- Active: 1986–Present
- Country: United Kingdom
- Branch: Royal Air Force
- Role: Intelligence Gather and Analysing
- Size: Squadron
- Part of: Intelligence Reserve Wing
- Squadron HQ: RAF Waddington
- Mottos: (Latin): Florebo Quocumque Ferar (English): I will flower everywhere I am planted
- Engagements: Op Granby; Op Grapple; Op Telic; Op Herrick; Op Olympics;
- Website: 7006 SQUADRON RAUXAF

Commanders
- Honorary Air Commodore: Lady Moira Andrews

= No. 7006 Squadron RAuxAF =

No. 7006 Intelligence Squadron RAuxAF is a specialist intelligence unit of the Royal Air Force's reserve component, the Royal Auxiliary Air Force. Since 1997, the squadron has been the only dedicated reserve intelligence squadron in the RAF.

== Formation ==
In 1986, No. 7006 (Intelligence) Flight RAF was formed at RAF High Wycombe as a dedicated Royal Air Force Volunteer Reserve intelligence unit.
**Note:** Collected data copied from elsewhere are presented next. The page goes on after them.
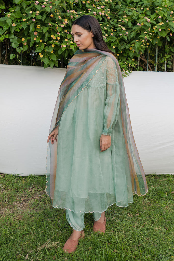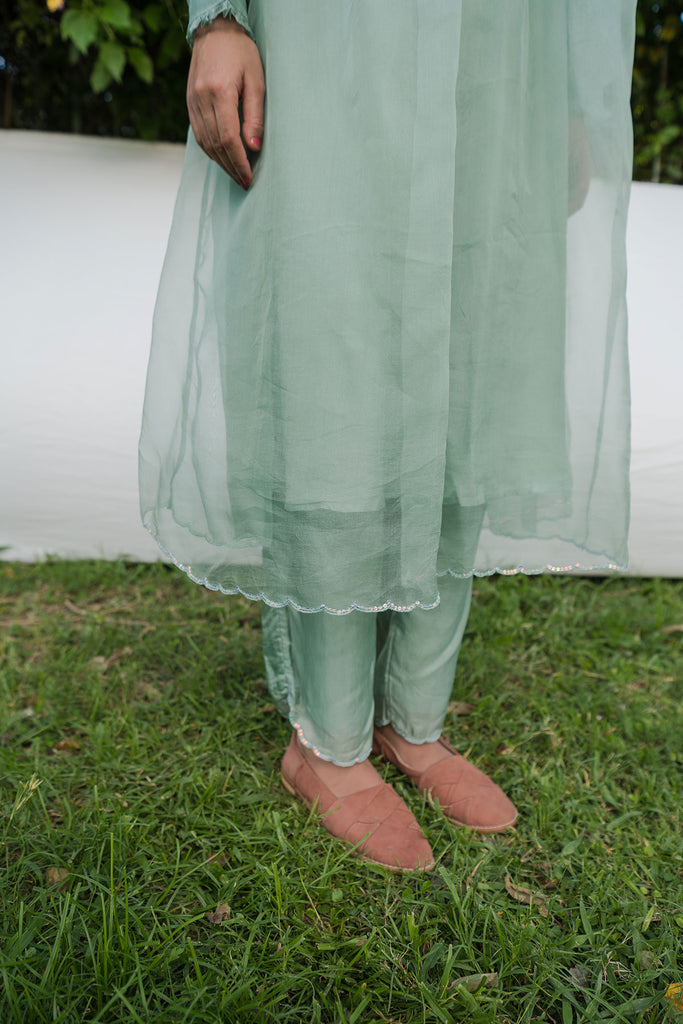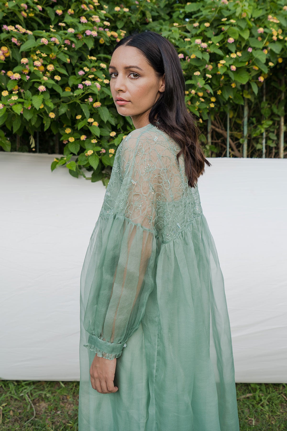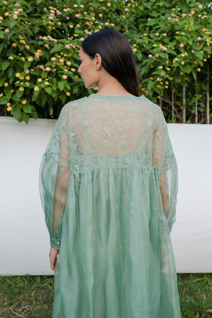 - Hand embroidered dress with gathers and scalloped hem along with spaghetti lining.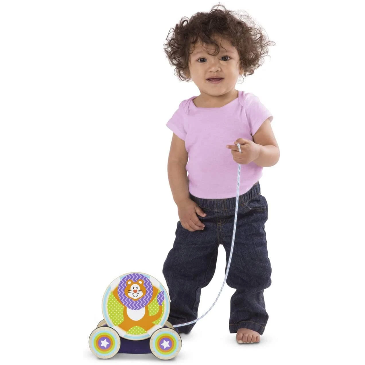 Take music-making on the move with this rainbow xylophone pull along toy that rings as it spins on a sturdy wheeled base. Little musicians will love discovering the bright colours, patterns, and musical sounds made by the removable chunky wooden ball. Suitable for ages 18m+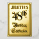 The front of this ornate forty-eighth birthday party/celebration foil invitation/announcement card design features the message “48th Birthday Celebration” in elaborate script-style text. It also features a custom name. The back features personalized details about the event, such as the date, time, location, and any other information that may be important. Elaborate, fancy, customized invitations like these might be used to invite guests to a birthday celebration being held in celebration of somebody’s 48th birthday. [~Z0000596]

The flight's initial role was to provide linguists tailored to the needs of the Cold War. At the time of formation, the new flight sat under Headquarters, RAF Volunteer Reserves along with Nos. 7010, 7630, and 7644 flights.

During the Gulf War, the flight deployed alongside 7644 (Public Relations) Flight, and 4624 (Movements) and 4626 (Aeromedical Evacuation) Squadrons.

In 1997, following the Front Line First reform, the Royal Air Force Volunteer Reserve was merged into the Royal Auxiliary Air Force, and the flight expanded to form No. 7006 Squadron RAuxAF. Sometime by 2021, the squadron was moved under command of the new Intelligence Reserve Wing sitting under No. 2 Group RAF, today based at RAF Waddington. In 2016, the squadron was based at RAF Cranwell

Today the squadron is based at RAF Waddington, with personnel serving at RAF Wyton, RAF High Wycombe, and RAF Digby. The squadron today is one of only three units providing intelligence support to the regular RAF. The squadron's title has also changed to become No. 7006 (Volunteer Reserves) Intelligence Squadron RAuxAF.